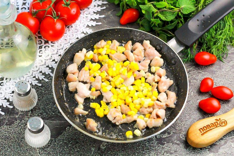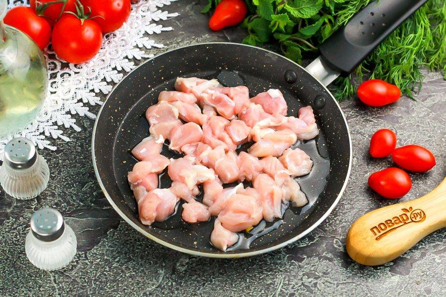 Промойте куриное филе, обсушите салфетками и нарежьте мелкими кубиками, кусочками. Прогрейте половину растительного масла на сковороде и выложите нарезку филе. Обжарьте около 3-5 минут до румяности.
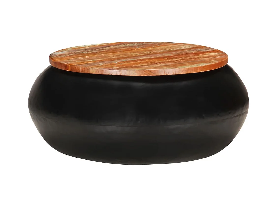 Mesa de centro redonda 68x37 cm madeira reciclada maciça
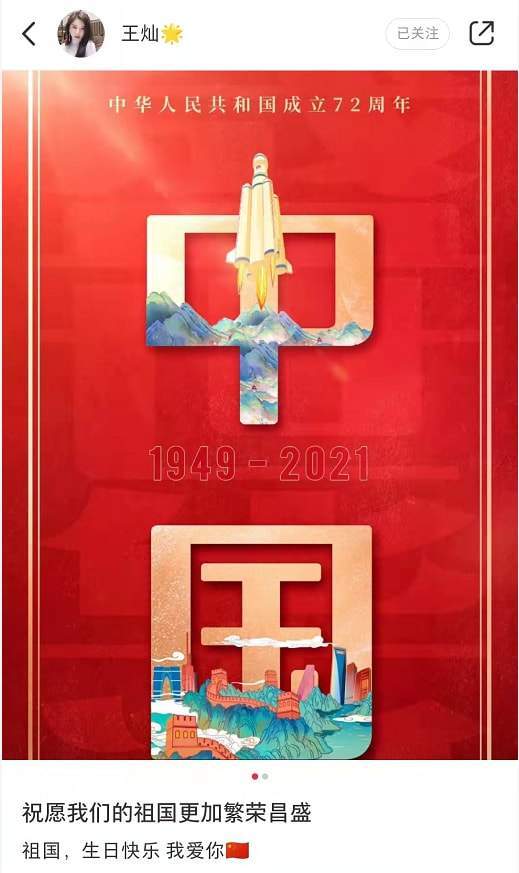 与此同时,王灿还在另一社交平台上分享出了与老公、女儿的合照庆祝,并再次发文:“祝愿我们的祖国更加繁荣昌盛,祖国,生日快乐,我爱你”,令人十分动容。
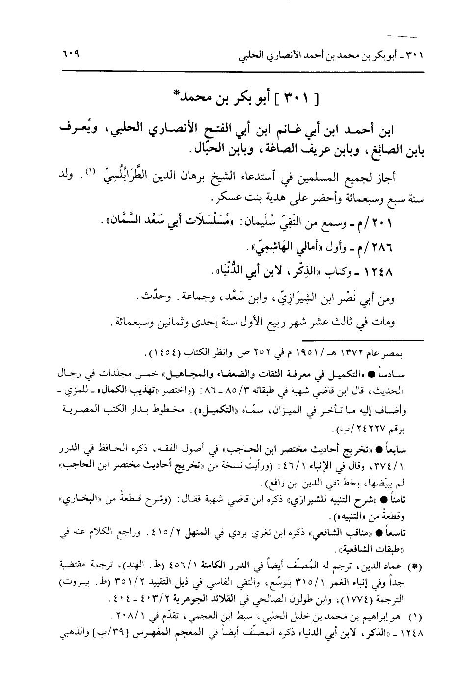 [301] أبو بكر بن محمد ابن أحمد ابن أبي غانم أبي الفتح الأنصاري الحلبي ويعرف بابن الصائغ وبابن عريف الصاغة وبابن الحبال.
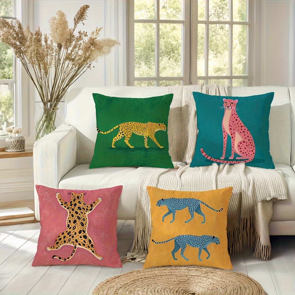 TEMU 4개 세트 네온 프린트 베개 커버 - 추상 도트 패턴, 지퍼형 소파 & 파티오 쿠션 커버, 실내/야외용, 편안한 원단, 충전재 미포함

Exercise requirements:
Copy out exactly the lines between the line that contains "Mesa de centro" and the last line of the records, both ends included; leave out every picture.

Solved problem:
 Mesa de centro redonda 68x37 cm madeira reciclada maciça
 与此同时,王灿还在另一社交平台上分享出了与老公、女儿的合照庆祝,并再次发文:“祝愿我们的祖国更加繁荣昌盛,祖国,生日快乐,我爱你”,令人十分动容。
 [301] أبو بكر بن محمد ابن أحمد ابن أبي غانم أبي الفتح الأنصاري الحلبي ويعرف بابن الصائغ وبابن عريف الصاغة وبابن الحبال.
 TEMU 4개 세트 네온 프린트 베개 커버 - 추상 도트 패턴, 지퍼형 소파 & 파티오 쿠션 커버, 실내/야외용, 편안한 원단, 충전재 미포함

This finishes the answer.